Our bodies host a variety of microorganisms, and the microbial communities in and on our bodies have to maintain the right balances among their members, or problems can arise. This includes the overgrowth of harmful species, which are typically kept in check by the growth of other, beneficial microbial species. Candida albicans is a fungus that is a normal part of the human microbiome, for example, but it can cause problems when too much of it grows. Recent studies have found that even though Candida albicans is a normal part of the microbiome of roughly 50% of all people, the fungus is also responsible for about 70% of problematic fungal infections, worldwide.
Now scientists have revealed a novel mechanism that Candida albicans uses to damage tissue. This process involves a human protein called albumin, and it may explain why some strains of Candida albicans seem harmless when they are analyzed in a laboratory, but they cause serious infections in people. The findings have been reported in Nature Communications.

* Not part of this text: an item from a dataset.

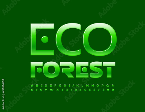 Fototapeta premium Vector green sign Eco Forest with glossy creative Font. Futuristic Alphabet Letters and Numbers set
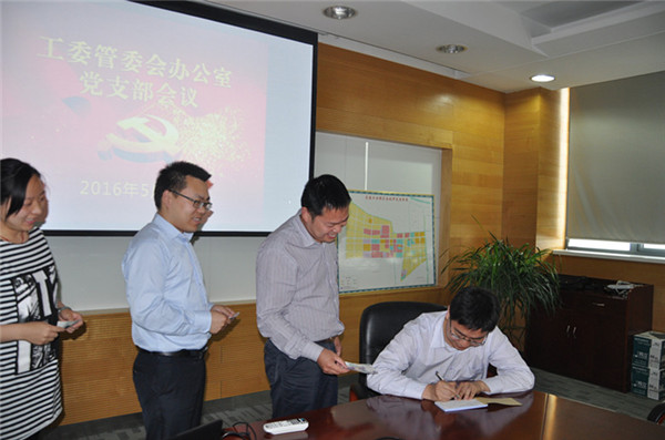 5月20日是園區(qū)工委管委會辦公室黨支部的黨員活動日。活動當天,黨支部全體黨員按照園區(qū)“兩學一做”學習教育部署開展集中學習。

Candida albicans is known to grow processes called hyphae that can invade the tissues of its host, and produce toxins that cause problems. This latest work has shown how crafty this organism is, and the many ways it can damage human tissue.
When scientists have examined Candida albicans that has been isolated from patient infections, some haven't caused problems when applied to laboratory research models. This led scientists to wonder what they were missing.
A protein known as albumin is the most common blood protein in humans, and has a variety of important roles. But it seems albumin can also be hijacked. When Candida was grown in the presence of albumin, even strains that are not pathogenic become invasive and dangerous: they grow tough colonies known as biofilms; and they started producing a molecule called 13-HODE that can harm human cells
"Even strains or mutants previously considered non-virulent in the lab became cytotoxic when albumin was present," said first study author Sophia Hitzler, a graduate candidate in the lab of Mark Gresnigt at the Leibniz Institute for Natural Product Research and Infection Biology (Leibniz-HKI). "We discovered that Candida albicans can use an alternative pathogenicity strategy."
This work has highlighted the adaptability of pathogens, and has also revealed considerations that should be applied to future research on fungal pathogens. Namely, are host cell proteins contributing to the mechanisms of these pathogens? Model systems that investigate such questions should reflect the human host environment as accurately as possible.
"Just providing essential nutrients in the lab is not enough," Hitzler noted. "You need the right environmental cues. Otherwise, you might overlook strains that are actually dangerous in the human body."
While this work has shown that Candida albicans is an adaptable pathogen that can take advantage of host cell proteins, it also revealed another protein that the infection relies on, and could make it vulnerable.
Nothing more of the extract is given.